Search code examples
pythonpython-3.xpython-docx

python-docx: Find the heading name in which a table lies inside a ms word document


I'm struggling to find the heading name in which a table lies, I'm using python-docx library, I'd like to know the possibility I can use to get the table along its heading name in which it lies inside.

from docx import Document
from docx.shared import Inches
document = Document('test.docx')

tabs = document.tables

Solution

  • You can extract the structured information from docx file using the xml.
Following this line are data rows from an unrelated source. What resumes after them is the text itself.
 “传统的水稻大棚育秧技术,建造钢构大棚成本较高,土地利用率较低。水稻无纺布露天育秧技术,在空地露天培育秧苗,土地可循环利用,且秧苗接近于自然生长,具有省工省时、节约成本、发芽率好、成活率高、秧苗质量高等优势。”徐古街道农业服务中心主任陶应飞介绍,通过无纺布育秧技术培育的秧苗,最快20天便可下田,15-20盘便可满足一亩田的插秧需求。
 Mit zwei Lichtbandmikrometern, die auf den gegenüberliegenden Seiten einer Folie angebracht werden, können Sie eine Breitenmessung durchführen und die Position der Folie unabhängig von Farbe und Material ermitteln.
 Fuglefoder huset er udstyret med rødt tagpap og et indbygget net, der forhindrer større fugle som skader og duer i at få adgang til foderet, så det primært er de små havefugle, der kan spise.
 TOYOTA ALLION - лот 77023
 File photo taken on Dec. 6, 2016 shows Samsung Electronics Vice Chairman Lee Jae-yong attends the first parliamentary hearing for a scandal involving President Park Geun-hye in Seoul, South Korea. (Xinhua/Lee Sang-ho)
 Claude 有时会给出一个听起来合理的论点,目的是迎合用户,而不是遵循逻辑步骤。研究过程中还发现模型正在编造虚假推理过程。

Try this:

    doc = Document("file.docx")
    headings = [] #extract only headings from your code
    tables = [] #extract tables from your code
    tags = []
    all_text = []
    schema = '{http://schemas.openxmlformats.org/wordprocessingml/2006/main}'
    for elem in doc.element.getiterator():
        if elem.tag == schema + 'body':
            for i, child in enumerate(elem.getchildren()):
                if child.tag != schema + 'tbl':
                     node_text = child.text
                     if node_text:
                         if node_text in headings:
                             tags.append('heading')
                         else:
                             tags.append('text')
                         all_text.append(node_text)
                 else:
                     tags.append('table')
            break
    

    After the above code you will have the list of tags that will show the structure of document heading, text and table then you can map the respective data from the lists.

    Also check the data from tag list to get heading of a table.